RhoC negatively regulates VEGF-induced vascular permeability in zebrafish. (A,B) Using zebrafish cDNA, a probe to zebrafish RhoC (Rhoad) was created and in situ hybridization was performed on 24hpf zebrafish embryos. Multiple images were captured using a Zeiss Axioplan 2 microscope and overlayed in Photoshop, such that areas of focus were unmasked, to generate a composite image. Lateral (A) and superior (B) views are shown. DA, dorsal aorta; PCV, posterior cardinal vein; ISVs, anterior intersomitic vessels; NT, neural tubes. (C) Microangiography was performed on anesthetized 3dpf zebrafish embryos by injecting FITC–dextran (2000kDa) and Texas-Red–dextran (70kDa), VEGF was induced through heat exposure (when applicable), and extravasation of red tracer as a measure of zebrafish vascular permeability was live imaged using a ZEISS LSM 780 confocal microscope. Control, no MO injection and no VEGF induction; Cont MO, control MO injection; RhoC MO, Rhoad and Rhoae MO injection; Unind, no VEGF induction; VEGF, heat induction of VEGF transgene. (D) Quantification of extravasated red tracer. **P<0.05 (RhoC MO, VEGF Induced versus Control MO, VEGF Induced); *P<0.05 (RhoC MO, Uninduced versus Control; Control MO, VEGF Induced versus Control) (paired two-tailed Student′s t-test). Results are mean±s.d. (n=??).
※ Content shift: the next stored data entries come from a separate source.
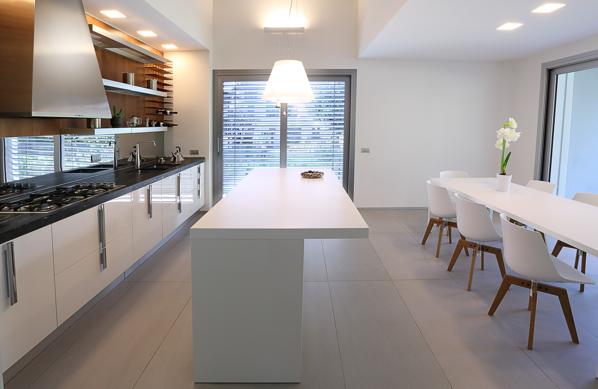 Questi profili eccezionali garantiscono un’illuminazione naturale senza pari, grazie alla sezione di profilo in vista ridotta al minimo. I meccanismi e gli accessori di alta qualità, con un design funzionale, offrono prestazioni eccezionali. L’ampia gamma di profili, assortimento di accessori e le finiture di qualità superiore hanno reso possibile l’adattamento perfetto a questa villa.
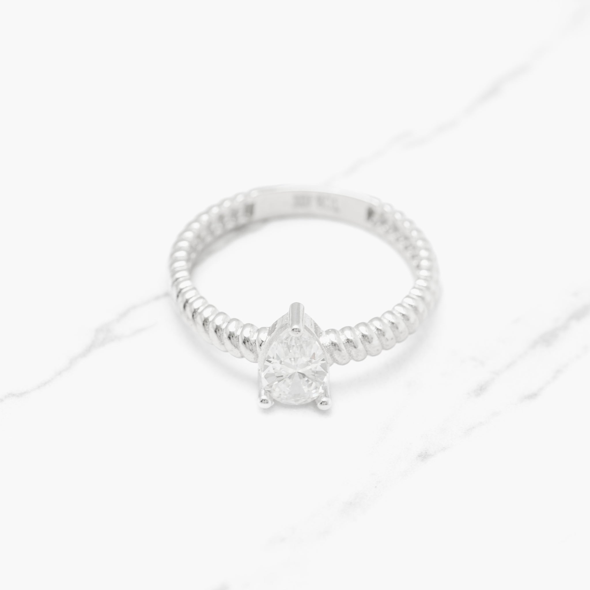 Cette bague en or 10K blanc, avec son design twist et sa pierre cz taille poire, ajoute une touche unique et moderne à votre collection de bijoux.
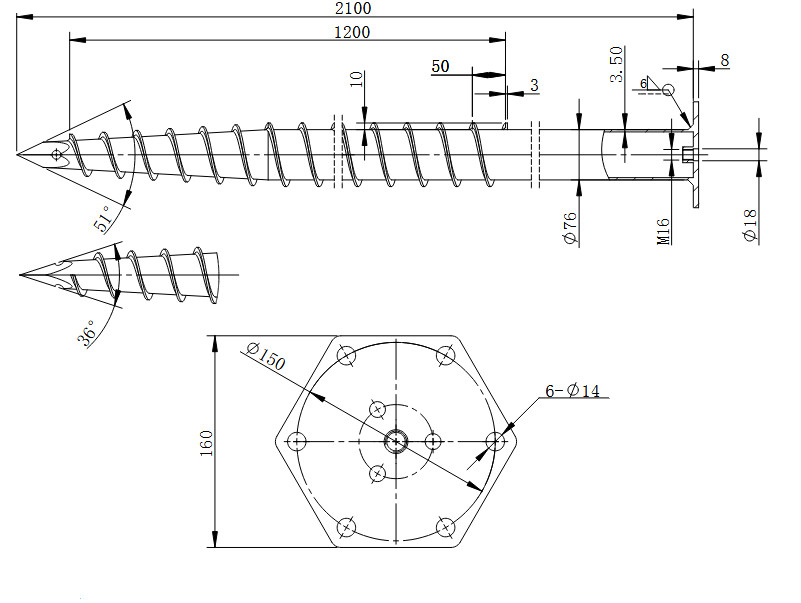 DRT M 76x2100x3,5-M16 Talajcsavar
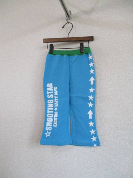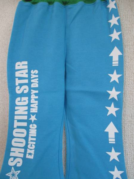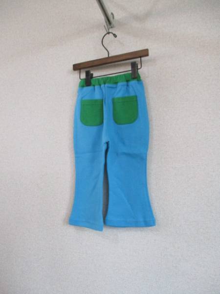 | 商品紹介 | ブルーのスエットパンツです。 両サイドの白のプリントが入っています。 ウエストと後ろポケットは緑です。 ベルボトムっぽい形です。 《素材》 綿100% |
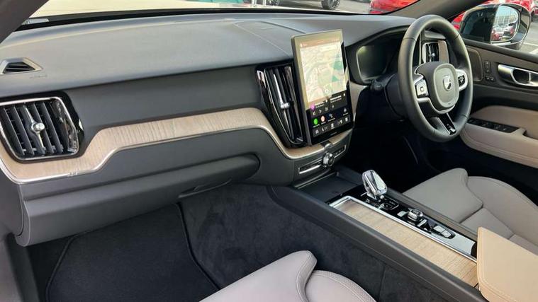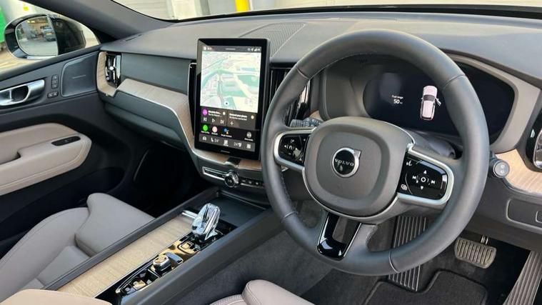 11.2" centre console touch screen, 12.3" Progressive Driver Display, 360 degree surround view parking camera with side proximity sensors, Adaptive cruise control, Adjustable steering wheel force, Android auto (Wired), Apple carplay (wired), Bluetooth handsfree system, Driver alert control with lane keeping aid, Emergency services call system, Front and rear park assist, Google Automotive Services, Intelligent speed assistance, Oncoming Lane Mitigation, PAS, Power operated tailgate with handsfree opening and closing, Service interval indicator, Speed limiter, Speed sensitive steering, Trip computer, Volvo cars services with app, Volvo on call with App, Wireless/Inductive Mobile Phone Charging, 8 speed automatic transmission with start/stop + manual change functions, DAB Digital radio, Premium Sound by Harman Kardon, dirac unison, dolby pro logic II surround sound, 13 speakers/600W output and fresh air subwoofer, Steering wheel remote infotainment controls, Adaptive brake lights with high level LED brake lights, Auto dimming interior + exterior mirrors, Automatic headlight levelling system, Automatic LED Headlights + Active high beam incorporating daytime running lights, Electric adjustable/heated/auto power folding door mirrors, Electric front+rear windows, Front aluminium tread plates, Heated front windscreen, High gloss black door mirrors and window surround, High gloss black front and rear bumper decoratives, High gloss black mesh front grille with high gloss black surround, Home safe and approach lighting, Integrated roof rails in high gloss black, Puddle lights, Rain sensor with automatic windscreen wiper activation, Rear side wing doors, Rear wiper, Roof antenna, Roof spoiler, Tinted windscreen, Visible VIN plate, 12V socket in front tunnel console and luggage compartment, 3 seat bench in 2nd row, 3 Spoke tailored steering wheel with chrome trim, 4 Zone electronic climate control, A-pillar parking ticket holder, Air purifier particulate matter (PM) 2.5 filter, B Pillar ventilation, Bright metal luggage scuff plate, Centre console cupholders and storage, Charcoal floor mats, Front and rear courtesy lights, Front and rear door pocket illumination, Front cupholder illumination, Front footwell illumination, Front reading lights, Front seat cushion extensions, Glovebox compartment with illumination, Head restraints for all seats, Heated front seats, Heated steering wheel, Height/reach adjustable steering column, Illuminated luggage compartment, Illuminated vanity mirrors + ticket holder, Inner door release handle illumination, ISOFIX attachment on outer rear seats, Load cover, Load protection net, Multi directional lumbar support, Power driver seat with memory + exterior mirrors memory, Power height adjustable passenger seat, Power passenger seat with memory, Quilted nordico leather upholstery, Rear armrest with cupholder, Rear footwell and front and rear side step illumination, Rear reading lights, Rear seat concealed storage, Single front passenger seat, Tailgate illumination and ambient door lighting, Underfloor stowage compartment, Versatile split folding rear seat - 60/40, Driver assist pack without Adaptive cruise control - XC60, 5 three point seatbelts, City safety with steering support with Pedestrian + cyclist + front collision warning with full auto brake and rear auto brake, Drivers knee airbag, Dual stage driver/passenger airbags, Electronic parking brake with auto hold, First aid kit, Front seats SIPS airbags, Hill descent control - Off-road drive mode, Hill start assist, IC (Inflatable Curtains) - Full Length, Passenger airbag cut-off device, Power child locks on rear doors, Road sign information display, Run off Road Mitigation, Run off Road Protection, Seatbelt reminder and pretensioners, SIPS (Side Impact Protection System), Slippery road and hazard light alert, Stability and Traction Control with Spin control, Engine Drag Control and Corner Traction Control, Tyre pressure monitoring system, Vehicle deceleration control with Anti-lock Brake System, Electronic Brake Distribution and Emergency Brake Assist, Warning triangle, WHIPS whiplash protection system - front, Anti-theft alarm including immobiliser/volume sensor + level sensor, Key integrated remote control central locking + fuel flap with deadlocking system and auto open/close power windows, Keyless Drive (includes Keyless Entry and Keyless Start), Locking wheel nuts, Private locking for tailgate, Summer tyres,

MO-mediated RhoC ablation decreases β-catenin in the vessels of zebrafish. (A-B) RhoC (Rhoad/Rhoae) or control (std) MOs were injected into 1-2 cell stage Tg(Fli:GFP) zebrafish embryos. Embryos were collected at the indicated times, RNA was collected using an RNeasy Plus Mini Kit (Qiagen) and converted to cDNA, PCR was performed using the indicated oligonucleotide pairs, and visualized after running on an agarose gel. (A) Oligonucleotides were used to amplify Rhoad Exon 1-4 (A, left), Rhoad Exon 1-5 (A, middle) and loading control β-actin (A, right). (B) Oligonucleotides were used to amplify Rhoae Exon 2-5 (B, left) and loading control GAPDH (B, right). (C) RhoC (Rhoad/Rhoae) or control MOs were injected into 1-2 cell stage Tg(Fli:GFP) zebrafish embryos. At 3 dpf, the zebrafish were formalin-fixed, placed in OCT, frozen, sectioned with a microtome onto slide, stained with a primary β-catenin antibody followed by a corresponding secondary Alexa-Fluor 568 (red) antibody, and visualized using a Zeiss LSM 780 confocal microscope. Green: Tg(Fli:GFP); Red: β-catenin; Blue: DAPI-stained nuclei.